The English woman clutches her feverish child close as she runs up the side of a hill. Just a few hundred feet from her village is a rock with a hole in it. This rock is home to a hob she hopes will cure her child’s illness. On the far side of Europe, a teenage girl, who is being chased by a vampire, runs into her bathhouse and calls out “Grandfather Bannik, come save me.” At which point the bunnik who took care of her mother while she was being born in the bathhouse, and who has taken care of the girl her entire life, jumps out and tackles the vampire. Perhaps the most important thing you need to understand about fairies is that they were a whole host of different beings that were humanity’s neighbors. They might care about or hate us for a number of reasons, but the most important faeries in stories didn’t live in some distant land, they were all around us.

When a farmer in Wales wonders why his cows are sick and dying, a little man dressed in red comes and tells him he needs to be more careful when throwing his slop out, for they are going down his chimney. The farmer is confused by this, as he is simply tossing his slop into an empty part of his backyard. To which the little man responds;

"Put your foot on mine, and then you will have the power of vision, to see clearly."

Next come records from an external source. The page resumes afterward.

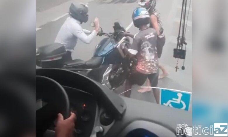 Ainda de acordo com as informações, o motociclista aparece sentado na moto quando uma dupla para do lado e tenta roubar o veículo.
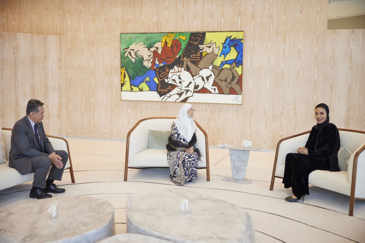 Doha, Qatar: Chairperson of Qatar Foundation and Education Above All HH Sheikha Moza bint Nasser met on Thursday with consort of Malaysia's Prime Minister HE Dr. Wan Azizah Wan Ismail, who is visiting Qatar to attend the inauguration of Al Mujadilah Centre and Mosque for Women.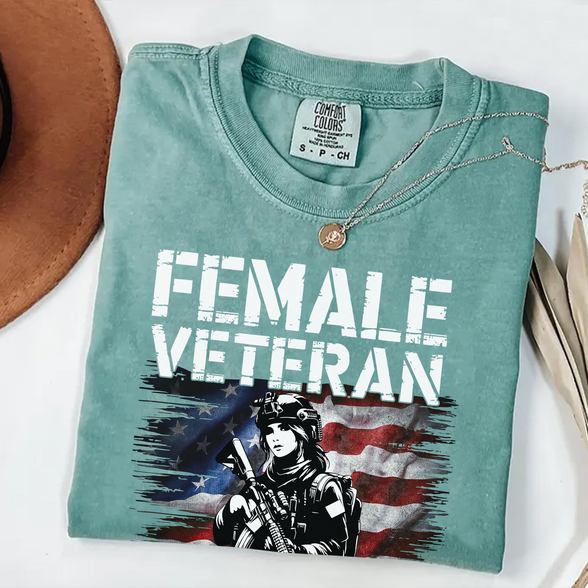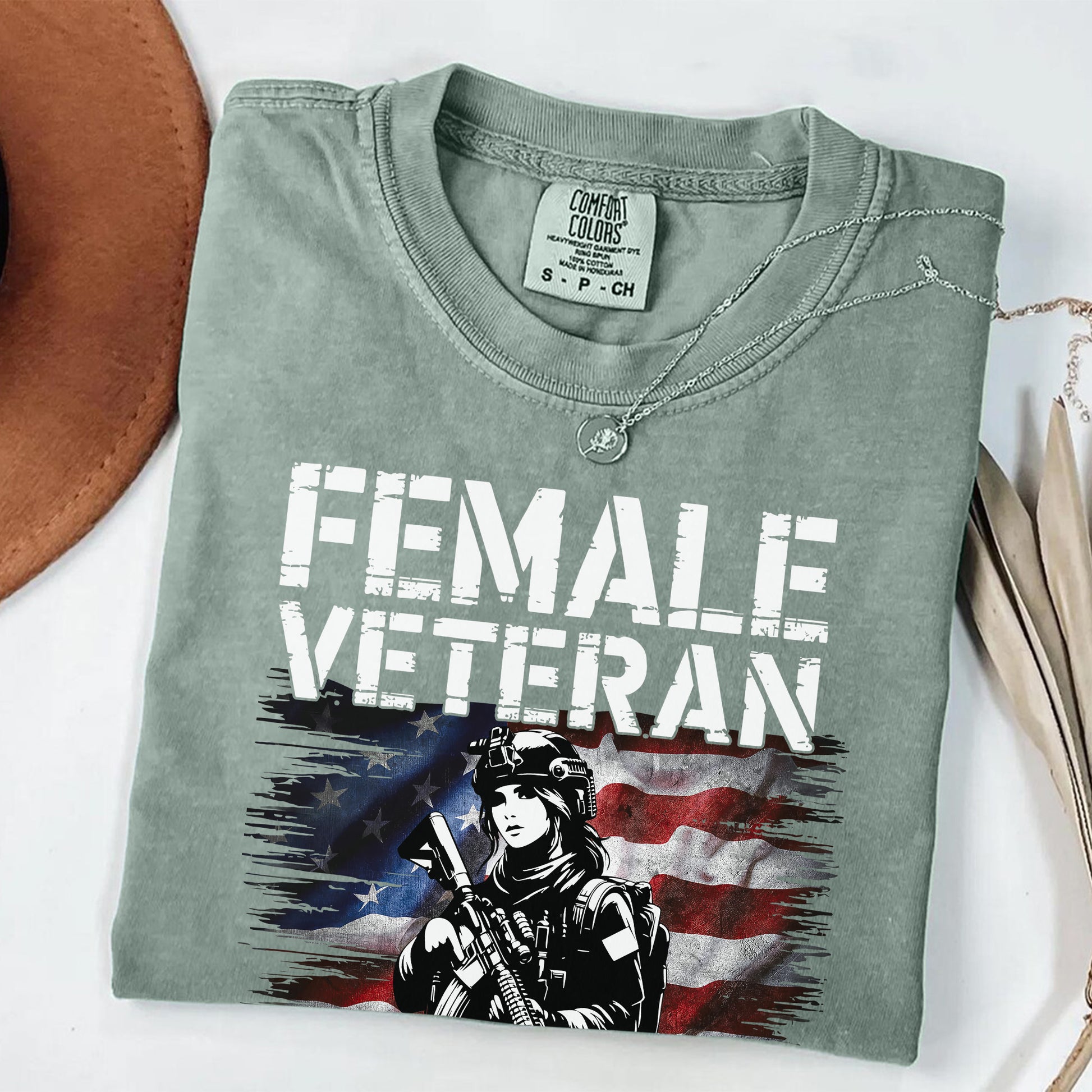 Celebrate the courage and dedication of our female veterans with this powerful t-shirt. A tribute to those who have served, it embodies pride and resilience.

…he saw that the slop thrown out of his house, did actually fall down the chimney of a house which stood far below, but which he had never seen before.

In this story, fairy world is just outside the farmer’s door. He cannot step into it, but he can throw garbage into it. What’s more, the faeries can hear the farmer’s family going about their daily lives, and come to love or hate them as a neighbor would. There is a tale from Brittany France about a margot (female faerie) who lives under a human family’s home, and over time, comes to care about them, even though she doesn’t like most humans. The fact that they lived close to humans is important to the fairy’s motivation. For some fairies wanted to live in a good neighborhood, which meant making the humans they lived near happier, while some wanted to drive them away and sometimes even kill them.

The words fey and fairy at their core mean fate, for people once believed that nearly everything, good or bad, happened because the fairies and deities wanted them to happen. They would help inspire artists, cause cows to grow ill or produce lots of milk, change the seasons, and more. The word fairy refers to a whole host of magical beings, which influenced the fate of humanity. It should be clear from this that fairies and deities were not distant beings who ignored humanity, but creatures that lived close at hand. They were our “Good Neighbors,” who in helping and harming people showed that they were interested in us. For a long time, the people of Mari-El were more likely to pray and make offerings to the spirits that lived in the trees near their village; in the lake they got water from, and in their homes, than they were to their highest god. While in Scandinavia, people made sacrifices to the alfar (elves) on the hills where they brought their cattle. Even at the beginning of the 20th century, there were still people in Ireland, France, and throughout Europe who would leave offerings to fairies as if they were little deities. The people who were responsible for communicating with these magical beings went by many names such as cunning but are typically now known as witches.



The Circle of Humans, Deities, and Fairies

In many myths, humans, fairies and ancient deities are all interrelated beings, such that it is often difficult to tell whether a story is about a human, a fairy, or a deity. There is debate among scholars whether the original Arthur was a deity or a human. In many stories, Arthur was the king of what are obviously Welsh deities, such as Gwyn, who was also king of the fairies, winter, night, and the forest. The Finnish hero Väinämöinen is the grandchild of the primal waters and the sky. He is very much like a deity, yet at the same time he is very much human in character and must do battle with what are very human-like people. Zeus was raised by his aunt, who was a nymph. In some myths, his aunt was also the mother of humans, making us Zeus’s cousins and the children of a fairy/deity figure.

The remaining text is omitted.